The Courier & Advertiser (Fife Edition)

Kohli hit kisses Root goodbye in superb run-out

Jennings condones celebratio­n

- DAVID CLOUGH

Keaton Jennings insists Virat Kohli was entitled to celebrate however he wanted after pulling off the brilliant run-out of Joe Root which turned day one of the first Specsavers Test in India’s favour yesterday.

Kohli did not hold back after his directhit throw on the turn ran Root out for 80 and broke his fourth-wicket stand of 104 with Jonny Bairstow (70) in England’s 285 for nine at Edgbaston.

The India captain blew his opposite number a kiss, put his finger to his mouth, appeared to summon some choice words – and also reminded Root of his own ‘micdrop’ gesture after his second successive century had clinched the one-day internatio­nal series for England.

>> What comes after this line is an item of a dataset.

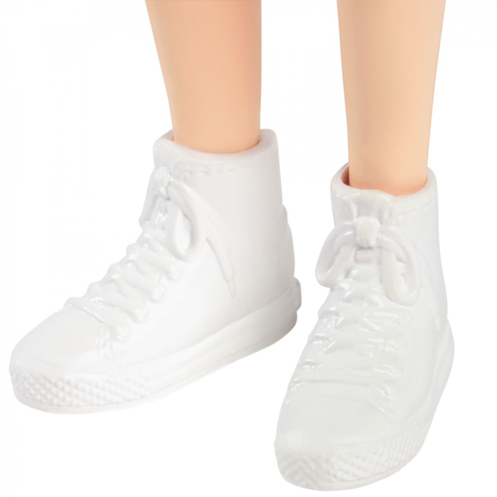 Aceasta papusa Barbie din gama Fashionistas are parul roscat, prins in coada. Adidasii albi complementeaza perfect aspectul sau.

Root admitted to immediate regret at dropping his bat to the floor on his home ground last month and Kohli appeared more than happy to reference it as the Yorkshirem­an’s departure kick-started the loss of six wickets for 67 in the final session on day one of England’s 1,000th Test.

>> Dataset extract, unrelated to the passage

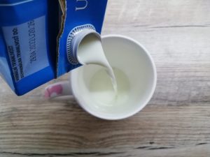 Do powstałej mieszanki dodać mleko i mieszając połączyć razem.

Jennings had earlier helped Root put on 72 for the second wicket, but was long back in the pavilion by the time the captain was short of his ground answering Bairstow’s improbable call for a second run to midwicket.

“Everybody is entitled to celebrate how they want to,” said Jennings. “He celebrated, and that’s cool.”

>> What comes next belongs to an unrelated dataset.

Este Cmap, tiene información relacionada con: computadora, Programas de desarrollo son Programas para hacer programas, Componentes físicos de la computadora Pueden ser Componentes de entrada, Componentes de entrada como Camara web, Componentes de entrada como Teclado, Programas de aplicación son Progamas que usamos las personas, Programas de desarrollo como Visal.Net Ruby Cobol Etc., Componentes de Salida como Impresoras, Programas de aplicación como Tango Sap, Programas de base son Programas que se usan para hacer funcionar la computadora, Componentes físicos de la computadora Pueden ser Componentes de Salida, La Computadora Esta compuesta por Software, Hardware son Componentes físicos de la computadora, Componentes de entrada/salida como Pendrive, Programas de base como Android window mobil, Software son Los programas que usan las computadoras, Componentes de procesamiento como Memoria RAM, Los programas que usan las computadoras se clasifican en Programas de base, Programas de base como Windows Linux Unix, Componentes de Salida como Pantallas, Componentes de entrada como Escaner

It remains to be seen whether match referee Jeff Crowe takes the same view, or decides instead some censure is in order for Kohli.

As for relations between Root and Bairstow, Jennings confirmed no hard feelings – despite the former’s obvious annoyance at losing his wicket through little fault of his own, again short of an elusive 14th Test hundred.

“It’s fine,” said the opener. “That’s cricket. It’s based on human error. Whether it was a mix-up, I don’t know, I wasn’t in the middle.

“It’s down to them to shake hands, have a beer tonight and sort it out.”

Asked if England were disappoint­ed with their close-of-play score, Jennings said: “Yes and no.

“It has been a little bit of a missed opportunit­y for us. But then you look, after 85 overs with an old ball, there still seems to be quite a lot of lateral movement.

“Day one, you look at the amount of movement there has been from the seamers all day. Virat didn’t take the second new ball, and the ball was still going sideways.

“So from our point of view, we’ve got [nearly] 300 on the board – and if we can come out and be pretty relentless tomorrow, you don’t actually know what a good score is until both sides have batted.”

Jennings himself had no truck with the idea a rogue pigeon distracted him the ball before he was out, a little unluckily, playing on to Mohammed Shami.

He preferred instead to give Root due credit for his 156-ball contributi­on.

“Rooty played fantastica­lly well,” said Jennings. “The way he goes about constructi­ng his innings, builds it, communicat­es with me as a young cricketer, is absolutely phenomenal.”